Depth chart finalized

Maybe “finalized” isn’t the right word, since the depth chart will constantly change over the course of the season. Still, it’s final in the sense that the time for motivational shenanigans is over. We have a pretty good idea now of who will be getting on the bus for Indiana.

Wags was busy lighting up Twitter last night with some notes and a last-minute change to the depth chart posted over on Navysports.

On the surface it’s a somewhat drastic change, rising from #3 on the chart to supplant last year’s starter. Then again, I’m a firm believer that depth charts are published to give people like us something to talk about, and that the real depth chart exists only in the coach’s head. Maybe this spot was more up for grabs than we realized.

Anyway, some thoughts:

— The offensive line is mostly what we thought it’d be with the exception of Thomas Stone replacing E.K. Binns at left guard. Binns was the only projected starter to have participated in spring camp, but has sat out practice recently with a concussion. I don’t know if it means anything, but I’m hoping that that fact that he’s still listed on the depth chart is a good sign that he’ll be ready to play soon if not this week. Fortunately, Stone is probably the most experienced of all the reserves and might have won the starting job anyway. With Wags’ report that Tanner Fleming and Jake Zuzek are healthy and practicing again, the offensive line should be ready to go.

UPDATE:

So that’s good news if it means Binns is healthy enough to play. My guess is that the two will rotate.

— Also regarding Wags’ notes from last night: I know the coaches are being understandably cautious with Keenan, but I don’t have a warm and fuzzy knowing that he’s being held out of practice in full pads until tomorrow or Thursday.

— Seniority has risen to the top with the slotbacks, which tells me that those who block the best will play the most. I’m sure we’ll see some of the younger guys rotated in on a few plays, but the bulk of the snaps will be going to those who know where to run when they don’t have the ball. As usual.
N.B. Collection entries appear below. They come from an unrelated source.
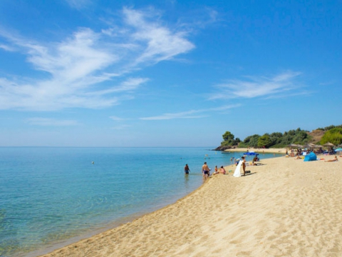 Αμμώδης παραλία, οργανωμένη η οποία διαθέτει ξενοδοχειακό συγκρότημα, εστιατόρια, μπαρ, θαλάσσια σπορ κ.ά.
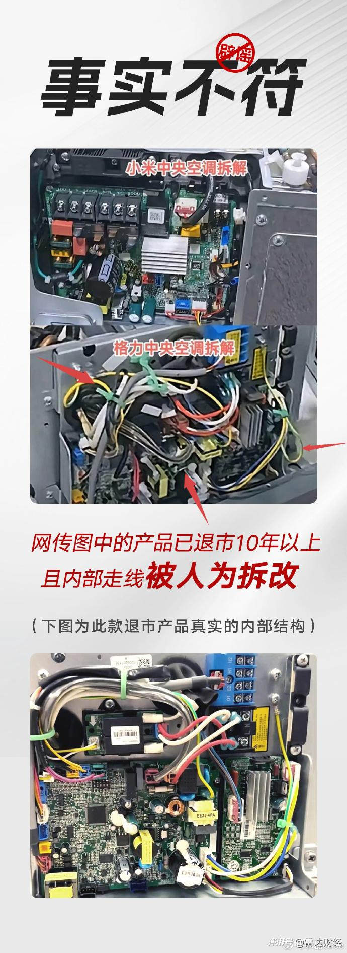 時隔兩個多月后,朱磊回應稱對比圖存在多個問題:圖片展示的格力機型“十年前已退市”;圖片疑似被篡改,格力真實內部結構圖走線規整;即使是格力2021年生產的產品,其在電源接口、通訊方式等方面仍領先小米2025年的新品。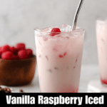 Serve your Vanilla Raspberry Iced Latte Recipe in clear glasses to show off those beautiful layers of espresso, raspberry, and milk swirling together. Use fun reusable straws or even add a splash of whipped cream topped with raspberry drizzle to transform this homemade favorite into an indulgent treat that feels café-worthy.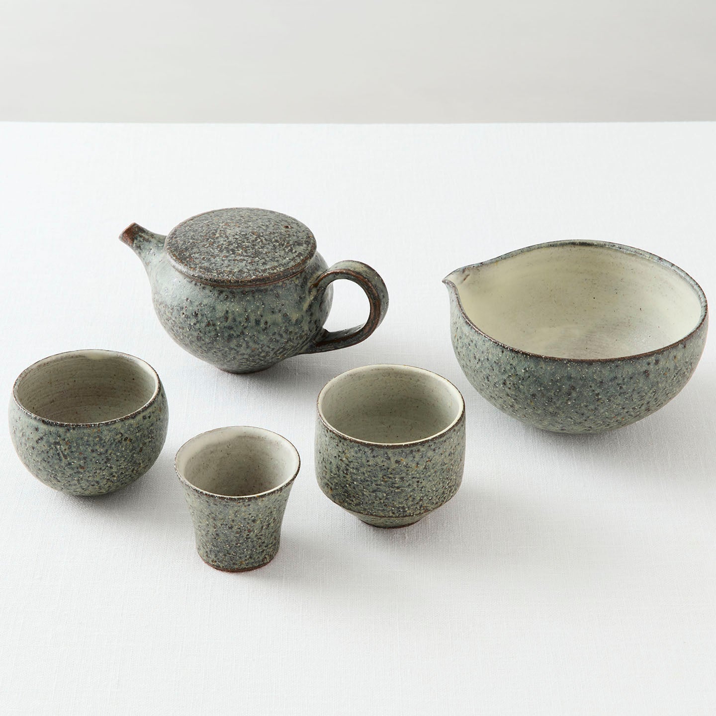 深みのあるグリーングレーのカラーの器のことを、飯高さんは「おじぞうシリーズ」と呼んでいます。土物の温かみがありながら、石にも似たような質感もあり、その名がついたのもなるほどのルックス。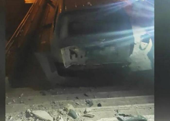 A security video showed the damage to his residence: a van parked outside the residence badly mangled, a shallow crater near the stairs, cracks in the ceiling and walls of a balcony and broken parts of the building’s roof. Two unexploded rockets were filmed at the scene.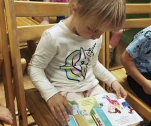 Na początku września naszą bibliotekę odwiedziła grupa „Sówki” z Niepublicznego Przedszkola „Mali Odkrywcy”. Dzieci wysłuchały opowiadań: „Pierwszy dzień w przedszkolu” oraz „Mama się spóźnia” Anny Włodarkiewicz z książki „Tola w przedszkolu”, jak również „W przedszkolu jest fajnie” Anny Korycińskiej. Przedszkolaki chętnie wysłuchały tekstów i odpowiadały na pytania. Celem spotkania było rozwijanie zainteresowań czytelniczych wśród dzieci, jak również wsparcie w procesie adaptacji.
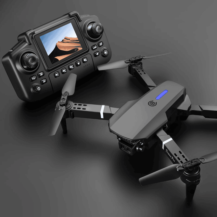 یکی از ویژگیهای خاص E88 Screen، کنترلری با نمایشگر داخلی است. این نمایشگر با روشنایی پایین اطلاعاتی مثل وضعیت باتری و تنظیمات پرواز را نشان میدهد. برد واقعی این ریموت کنترل در فضای باز حدود ۳۰ متر است، که برای استفادهی مبتدی کاملاً کافی است.

— We already knew how the outside linebacker situation was going to play out, although A.K. Akpunku has been moved to defensive end.

— DJ Sargenti will be starting opposite Cody Peterson at inside linebacker, which makes for an interesting combination in that neither was recruited as a linebacker. Peterson was originally a fullback, while Sargenti was a strong-armed quarterback. Both were too athletic to remained buried on the depth chart at those positions, though, and have found a home on the defense. Peterson is the team captain who played well last year, so we have a pretty good idea of what he brings to the table. Sargenti is more of a nomad. He was initially moved to outside linebacker, and even led all defenders with 10 tackles in last year’s spring game. Now that Chris Johnson is healthy again, he was moved inside this fall where he quickly played his way to the top of the depth chart. Gap discipline has been an issue for Navy’s ILBs at times over the last couple of seasons, so there’s always that concern when someone has changed positions as often as Sargenti has. There’s certainly no denying his determination to get onto the field, though.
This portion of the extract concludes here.